The shared ground between the texts of Chandler and the cinematic genre of noir focuses on how events combined with a corrupt milieu disillusion a human being. The works recognize injustice, and perhaps ultimately the irrationality, of a certain principle operative in life over which men and women have no real control. It is nothing more than a mere assumption that the typical portrayal of women as femme fatales in the majority of noir films reduces the individual entity of independent women and reinforces patriarchal values. Patriarchy is a double-edged sword. For men, it prescribes that they must perform to be admired, and part of that performance must include subscribing to the success ethic. Keeping women in their place, means for men, that they, too, must keep to their place; they must go about their business alone; they cannot show too much emotion; and above all, they must find the meaning of life in activity, never contemplation.  They must close themselves in, confine themselves to a role in life which they had no part in creating and which was not created to accommodate their idiosyncrasies. There are no more alternatives for men than there are for women. Ironically, both the Marlowe texts as well as film noir subvert those very strategic interpretations of raw, rigid toughness to which they claim to strongly adhere.

In the 1940s, film noir reflected a contemporary sensibility.
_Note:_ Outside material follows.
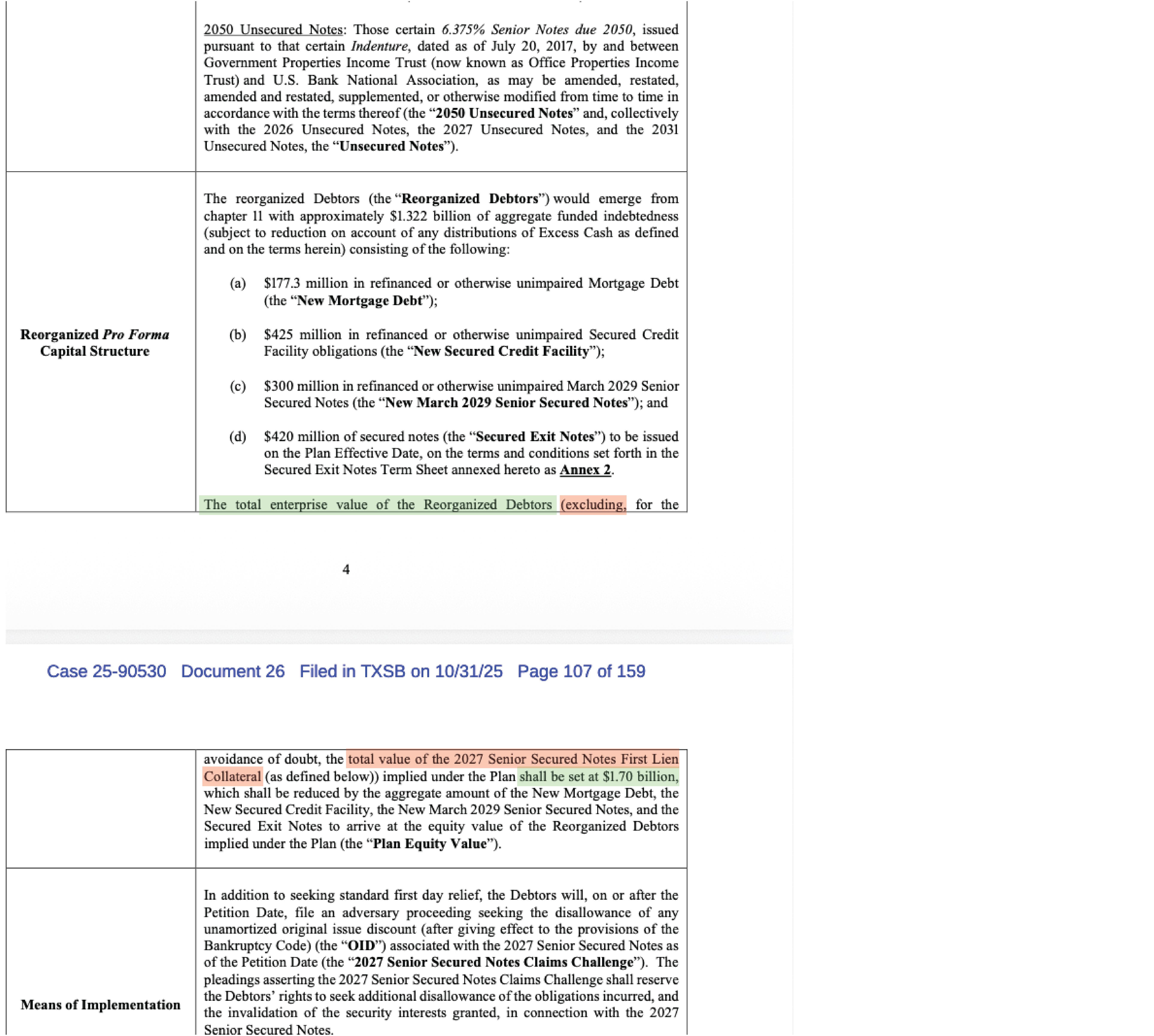 - The fact that it excludes the 2027 Senior Secured Notes First Lien Collateral while the Secured Debt section of the Prepetition Capital Structure above includes $418mm of outstanding principal for “March 2027 Notes.”

Chandler’s novels were set in contemporary Los Angeles, and the Marlowes of the films were men of their time. By the late 1960s, the romanticized private eye, like the cowboy, was considered part of a past age. He was associated with value structures and styles of filmmaking that were considered old fashioned. Even when presented as contemporary men dealing with contemporary problems, they could not help but recall a past age, like modern day cowboys. The new Marlowe films dealing with such dated materials presented him as the lone detective in lieu of Chandler’s representation of him in the novels. However, instead of the murky darkness and ominous shadows of the 1940s, these films used comparably sinister, but too bright and glossy color surfaces. The suggestion of censorable, “forbidden" material was a major factor of the 1940s noir films. By the 1960s, the reigning structure of censorship did not prevent the display of “morally dangerous" content such as nudity, incest, transvestism, and bold approaches to sexuality.

Marlowe existed against, and in counterpoint to, the Production Code as well as the juxtposition of mean streets and mansions. The films, as a result of such protagonists, questioned the American sense of self, gender relations, notions of personal success or failure, and notions of personal freedom or the lack thereof.  Embedded as they are with the unresolved anxieties of their era, they formed a natural window into some of the deepest underlying currents of the times. Such a co-habitation of resistance and conformity explored the vulnerability to, responsibility fo,r and enjoyment of aggression, gaining momentum in the culturally powerful narrative forms of films via fiction.